С той стороны железной двери грохнули замком и накладкой. Этот звук всегда был неожиданным и всегда приятно пугал. Молодой толстый жандарм в тесном мундире и туго натянутых брюках впустил в камеру Сабанова и, стоя в открытых дверях, снял фуражку, вытер платком лоб. Рукой с платком в кулаке ткнул в сторону Гвоздева:
— Утром возьмем его. Пусть готовится.
Дверь на смазанных петлях закрылась мягко. Замок и накладка в ловких руках звякнули слитно и надежно.
Сабанов положил на столик несколько книжек, неразрезанных, в бумажных корочках. Мятую, видимо уже читанную, газету, узелок с продуктами и свечами. Огородов, чтобы не мешать ему своим взглядом, перестал ходить и сел на пол за кроватью. Гвоздев затих, лежал не двигаясь. Сабанов наклонился над ним и участливо сказал:
— Я встретил отделенного фельдшера, слышишь, Сережа? Они возьмут тебя завтра. Как ты себя чувствуешь?
Гвоздев не отозвался, и Сабанов, постояв над ним, сел на кромку кровати, развернул было газету, но не стал читать, не мог, видимо взволнованный чем-то. Он пересел на пол к другой стене, против Огородова и, прикрыв ладонью глаза, вздохнул:
— Каждое свидание уносит половину жизни. Истинное слово. Не могу видеть ее убитого, заплаканного лица. Ведь только подумать. Едет из Пскова, терпит всякие неудобства, ночь не спит. Боже мой! И скажи — будет ездить каждый день. Будет сидеть у ворот тюрьмы. Будет просить охрану, умолять, на колени встанет. А зачем? Я, слава богу, здесь в тепле, сыт, книжки почитываю. И говорю ей, да разве втолкуешь. И мне стыдно за себя. А дома дети. Плачут, мать ждут. Вот, говорит, на губах у тебя опять выметалось — значит, мерзнешь. Виски-де совсем поседели — прошлый раз не было. И все-то она высмотрит. Все подметит. Уж это, право, слишком.
— Слюнтяй, — усмехнулся Гвоздев и, повозившись на кровати, добавил: — Все соплями вымажете. Слизняки.
— Вы не сердитесь на него, Павел Митрофанович, — попросил Огородов. — Он болен, а лечения никакого. За нужду озвереешь.
— Ты женат, Огородов? — спросил Сабанов.
— Господь не привел.
— А что так?
— До армии не успел, потом служба… А жена вас любит, Павел Митрофанович.
— То-то и больно. Но сегодня, если бы вы знали, какой она мне принесла подарок. Воистину сладкий сон. И опять: я радуюсь, знаете, не могу не радоваться, а она понять не может.
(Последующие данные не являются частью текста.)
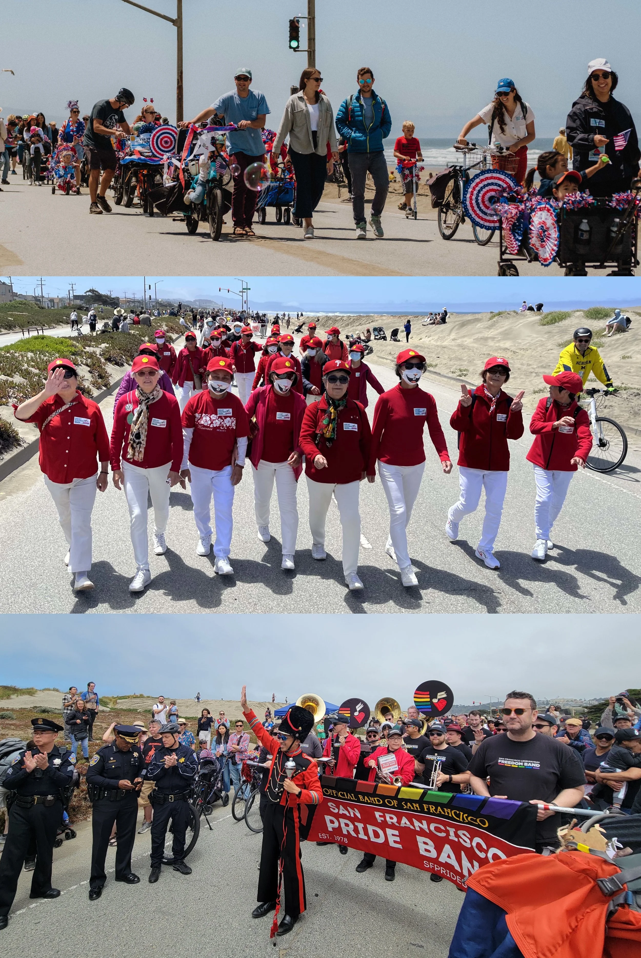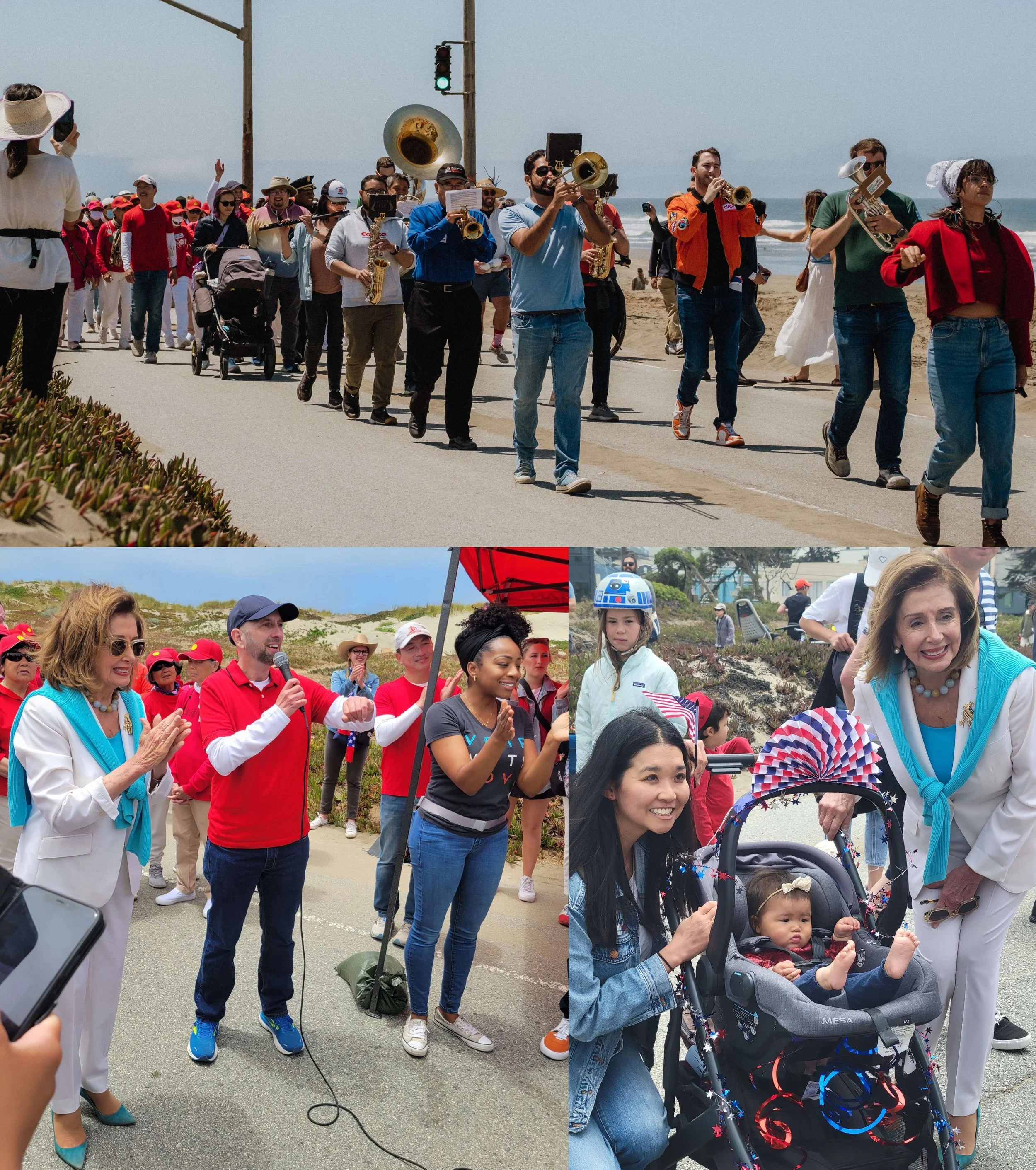 Top: The Sunset Community Band at Sunset Dunes for the 2024 Fourth of July parade. Bottom: Nancy Pelosi and Joel Engardio speak to the crowd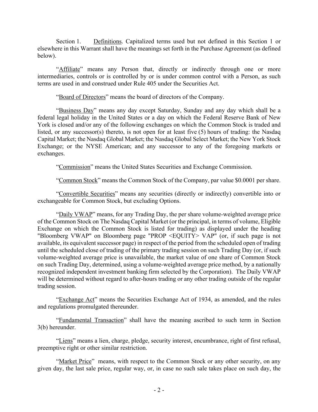 - 2 - Section 1. Definitions. Capitalized terms used but not defined in this Section 1 or elsewhere in this Warrant shall have the meanings set forth in the Purchase Agreement (as defined below). “Affiliate” means any Person that, directly or indirectly through one or more intermediaries, controls or is controlled by or is under common control with a Person, as such terms are used in and construed under Rule 405 under the Securities Act. “Board of Directors” means the board of directors of the Company. “Business Day” means any day except Saturday, Sunday and any day which shall be a federal legal holiday in the United States or a day on which the Federal Reserve Bank of New York is closed and/or any of the following exchanges on which the Common Stock is traded and listed, or any successor(s) thereto, is not open for at least five (5) hours of trading: the Nasdaq Capital Market; the Nasdaq Global Market; the Nasdaq Global Select Market; the New York Stock Exchange; or the NYSE American; and any successor to any of the foregoing markets or exchanges. “Commission” means the United States Securities and Exchange Commission. “Common Stock” means the Common Stock of the Company, par value $0.0001 per share. “Convertible Securities” means any securities (directly or indirectly) convertible into or exchangeable for Common Stock, but excluding Options. “Daily VWAP” means, for any Trading Day, the per share volume-weighted average price of the Common Stock on The Nasdaq Capital Market (or the principal, in terms of volume, Eligible Exchange on which the Common Stock is listed for trading) as displayed under the heading "Bloomberg VWAP" on Bloomberg page "PROP <EQUITY> VAP" (or, if such page is not available, its equivalent successor page) in respect of the period from the scheduled open of trading until the scheduled close of trading of the primary trading session on such Trading Day (or, if such volume-weighted average price is unavailable, the market value of one share of Common Stock on such Trading Day, determined, using a volume-weighted average price method, by a nationally recognized independent investment banking firm selected by the Corporation). The Daily VWAP will be determined without regard to after-hours trading or any other trading outside of the regular trading session. “Exchange Act” means the Securities Exchange Act of 1934, as amended, and the rules and regulations promulgated thereunder. “Fundamental Transaction” shall have the meaning ascribed to such term in Section 3(b) hereunder. “Liens” means a lien, charge, pledge, security interest, encumbrance, right of first refusal, preemptive right or other similar restriction. “Market Price” means, with respect to the Common Stock or any other security, on any given day, the last sale price, regular way, or, in case no such sale takes place on such day, the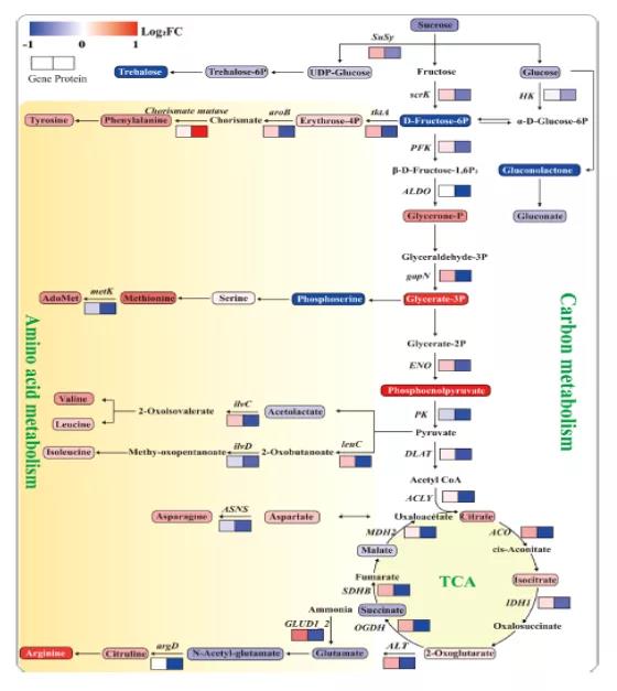 C代謝包括淀粉和蔗糖代謝、糖酵解和TCA循環(huán)。高氮總體下調(diào)了C代謝中蛋白質(zhì)(Susy、scrK和HK)的豐度和碳水化合物(蔗糖、葡萄糖和海藻糖)的積累。相反,糖酵解中間產(chǎn)物卻明顯積累,如甘油-P、甘油酸-3P和磷酸烯醇式丙酮酸。這表明蛋白質(zhì)(ALDO、gapN和ENO)與這些中間代謝物之間存在負(fù)相關(guān)。糖酵解亞型的增加表明,高氮加速了C在呼吸途徑中的流動。氨基酸與碳代謝密切相關(guān),是氮分配的主要形式。氨基酸生物合成途徑中的大多數(shù)蛋白質(zhì)表達(dá)下調(diào)(脊索酸變位酶除外),而大多數(shù)氨基酸及其中間產(chǎn)物表達(dá)上調(diào)(圖5)。以前的研究表明,隨著氮供應(yīng)的增加,非結(jié)構(gòu)性碳水化合物中的一部分C被并入氨基酸和蛋白質(zhì)中。以氨基酸形式的氮增加,使氮儲存更具成本效益。因此,C向N代謝的轉(zhuǎn)移是導(dǎo)致高氮條件下碳水化合物減少的一個重要因素,這使得水果中氨基酸和總氮含量的顯著增加。甘油酸-3P和磷酸烯醇式丙酮酸的增加是氨基酸生物合成所需C骨架增加的重要指標(biāo)。

Так и разошлись. И все у меня в душе перепуталось. Вот я немного успокоюсь и возьмусь читать. Хотите, почитаем вслух?
— Либеральные сопли, — вспылил Гвоздев. — Ни слова о них. Слышите?
— Нас большинство — значит, будем читать, — с твердым спокойствием объявил Огородов.
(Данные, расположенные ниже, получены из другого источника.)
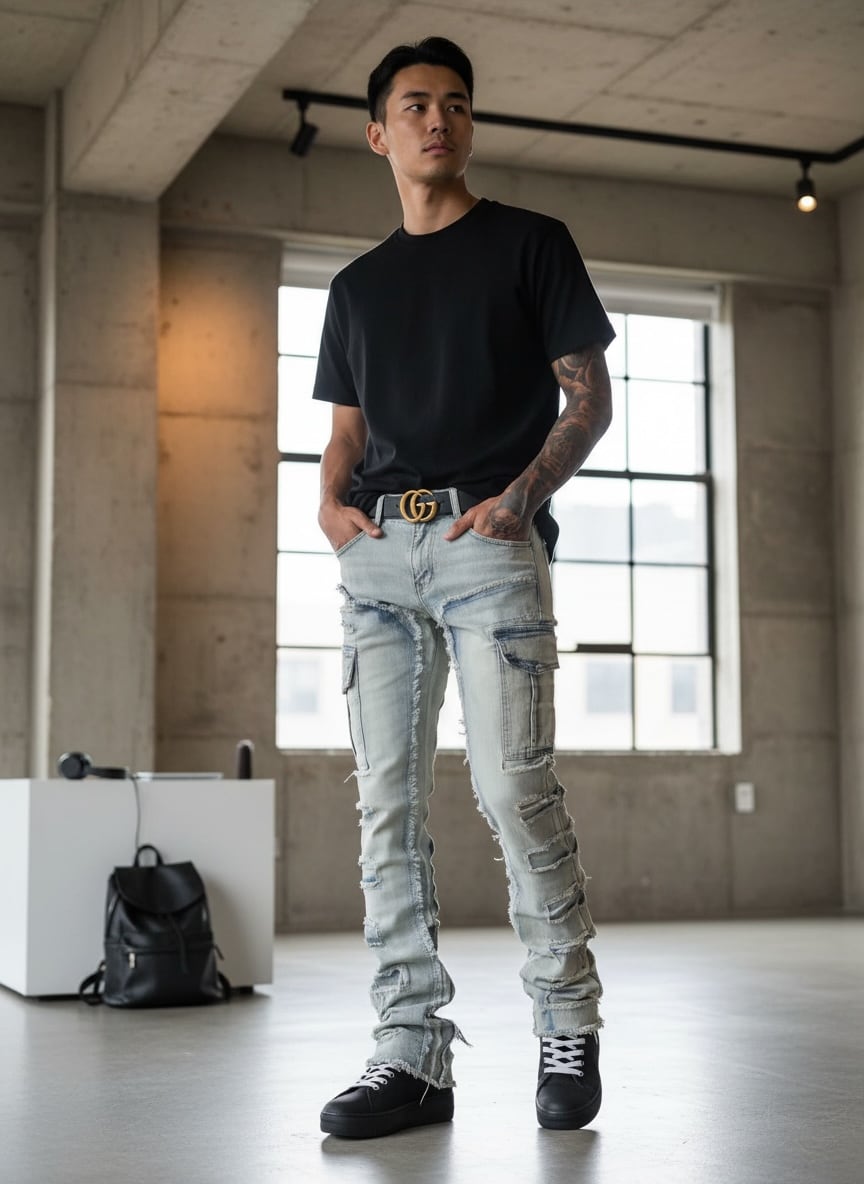スキニーの美シルエットに、カーゴの存在感。
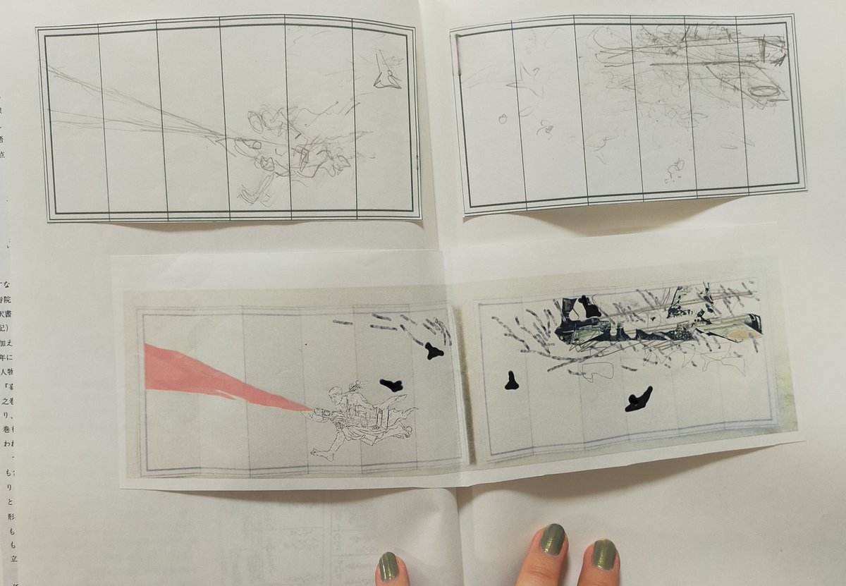 #このタグを見た人はラフ画とその完成絵を見せる 4枚目山田哲平さん撮影です 模型を買って自分でコンロで燃やそうと思ったんだけど、詐欺にあって紙ペラ1枚だけ送られて来た思い出。間に合わないので仕方なく想像で描いた。

— Так тому и быть, — Сабанов поднялся от стены, зажег свечку, припаял ее на топленый воск к цементному полу. Тут же раскинул газету и растянулся сам. Прилег поближе к огоньку и Огородов. Сабанов не столько расправлял, сколько оглаживал своей тонкой ладонью измятую, но, вероятно, в самом деле дорогую ему газету. Затем, надев очки обеими руками, он вдруг близко круглыми за стеклом глазами поглядел на Огородова и спросил, снимая очки опять обеими руками:
— Тебе суда еще не было, Огородов?
— Жду.
— А какова, к примеру, вина твоя?
— Нас вшестером загребли. Вроде мы динамит воровали со склада. Однако никто не пойман, улик нет, доказательств тоже. А держат.
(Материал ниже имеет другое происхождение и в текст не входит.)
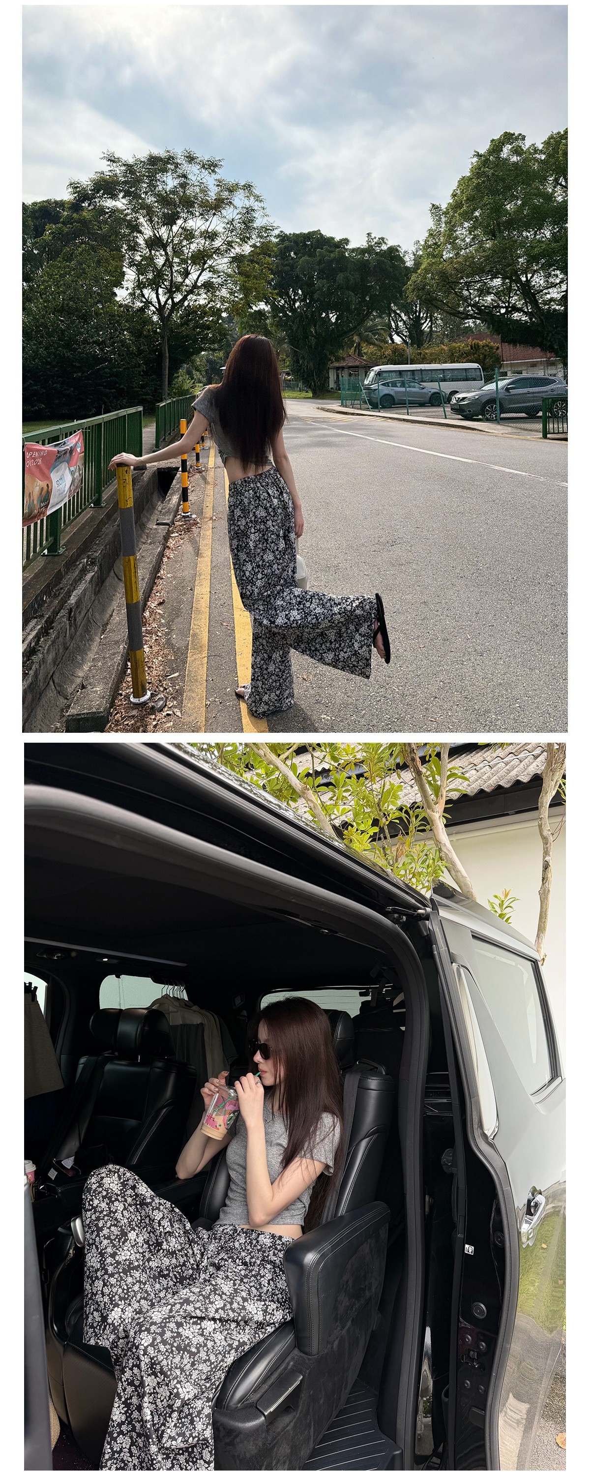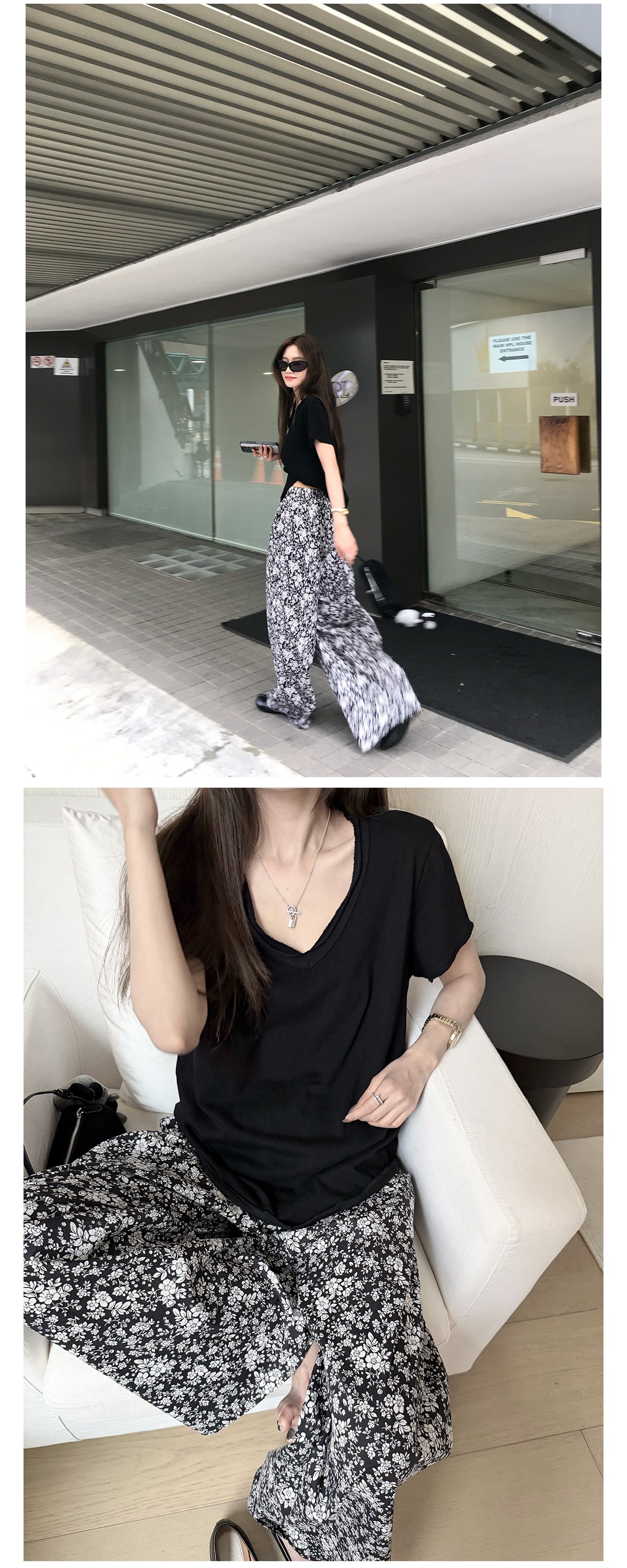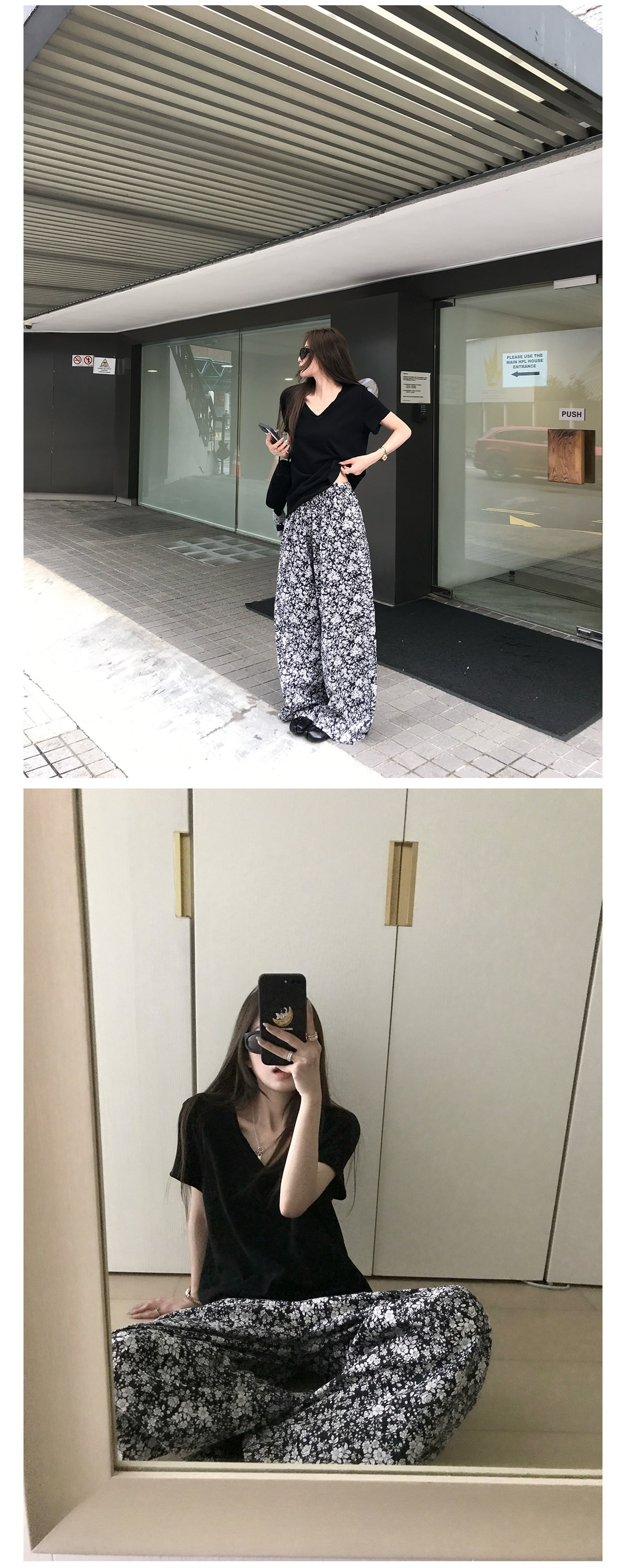 오래된 밖으로 조각 ~ 중 할머니 꽃무늬 바지 흑인과 백인 색상 일치 프린트 익스트림 제인 느슨함 휴가 바람 와이드 레그 팬츠 긴 바지 여성

— Значит, политикой не занимался?
— Господь уберег.
— Так. Господь, говоришь, уберег. Важно. Однако над жизнью-то думать небось приходилось?
— Не без того.
— И каков итог?
— Мы, Павел Митрофанович, из крестьянского роду, и душа у нас, сами понимаете, земляная. Так вот весь динамит, какой есть на белом свете, я бы утопил в море. Правда, немного оставил бы для корчевки пней. — Семен усмехнулся.